====== AVAILABLE RECORDS
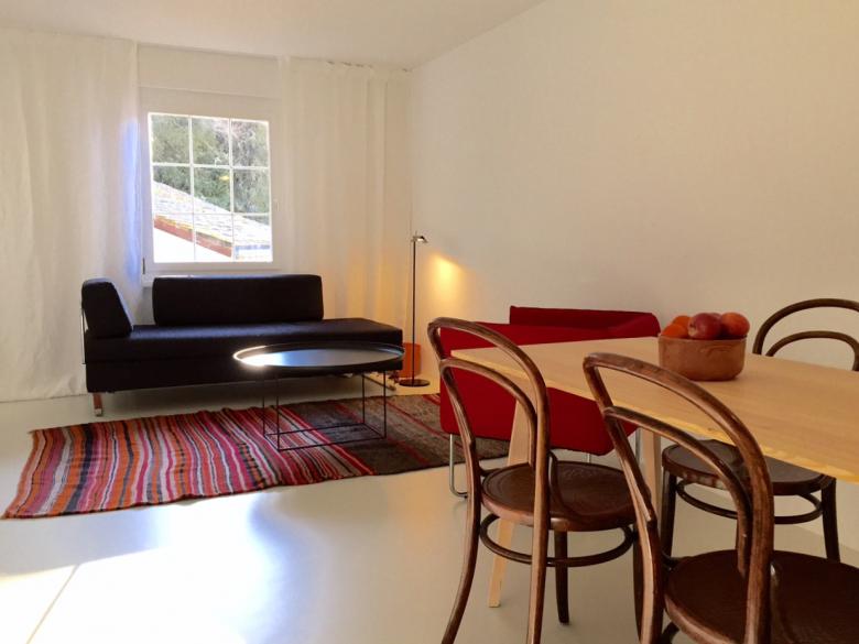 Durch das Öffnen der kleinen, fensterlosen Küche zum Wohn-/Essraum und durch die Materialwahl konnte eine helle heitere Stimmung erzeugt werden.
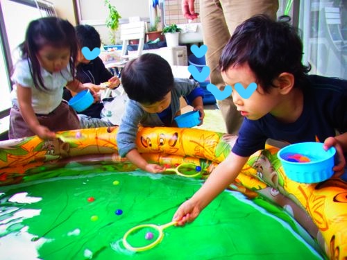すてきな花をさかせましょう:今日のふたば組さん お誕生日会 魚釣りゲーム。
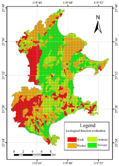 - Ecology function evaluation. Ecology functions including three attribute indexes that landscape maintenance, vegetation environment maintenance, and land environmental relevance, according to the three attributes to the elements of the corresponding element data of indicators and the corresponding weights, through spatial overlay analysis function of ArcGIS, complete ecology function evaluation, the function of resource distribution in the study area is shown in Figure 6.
============
====== AVAILABLE RECORDS
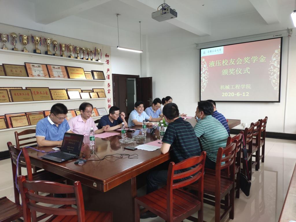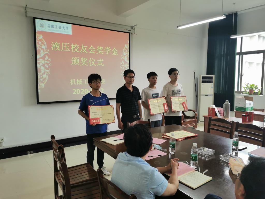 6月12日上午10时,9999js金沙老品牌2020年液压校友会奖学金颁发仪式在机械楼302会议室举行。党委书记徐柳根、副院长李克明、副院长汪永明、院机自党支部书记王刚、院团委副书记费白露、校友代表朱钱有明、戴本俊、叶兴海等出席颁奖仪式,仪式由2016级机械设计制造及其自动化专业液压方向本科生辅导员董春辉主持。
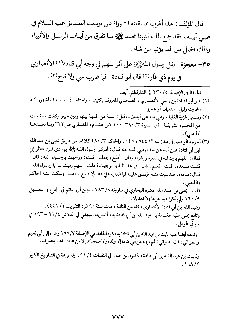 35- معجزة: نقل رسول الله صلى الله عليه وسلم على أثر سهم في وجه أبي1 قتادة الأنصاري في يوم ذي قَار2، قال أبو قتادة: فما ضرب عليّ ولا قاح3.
============
DESCRIPTION OF THE TASK ::
In the entries above, find the line that contains "Durch das Öffnen" and the line that contains "すてきな花をさかせましょう:今日のふたば組さん お誕生日会 魚釣りゲーム。". Reproduce exactly those two lines and every line between them, but not the pictures.

TASK SOLUTION ::
 Durch das Öffnen der kleinen, fensterlosen Küche zum Wohn-/Essraum und durch die Materialwahl konnte eine helle heitere Stimmung erzeugt werden.
すてきな花をさかせましょう:今日のふたば組さん お誕生日会 魚釣りゲーム。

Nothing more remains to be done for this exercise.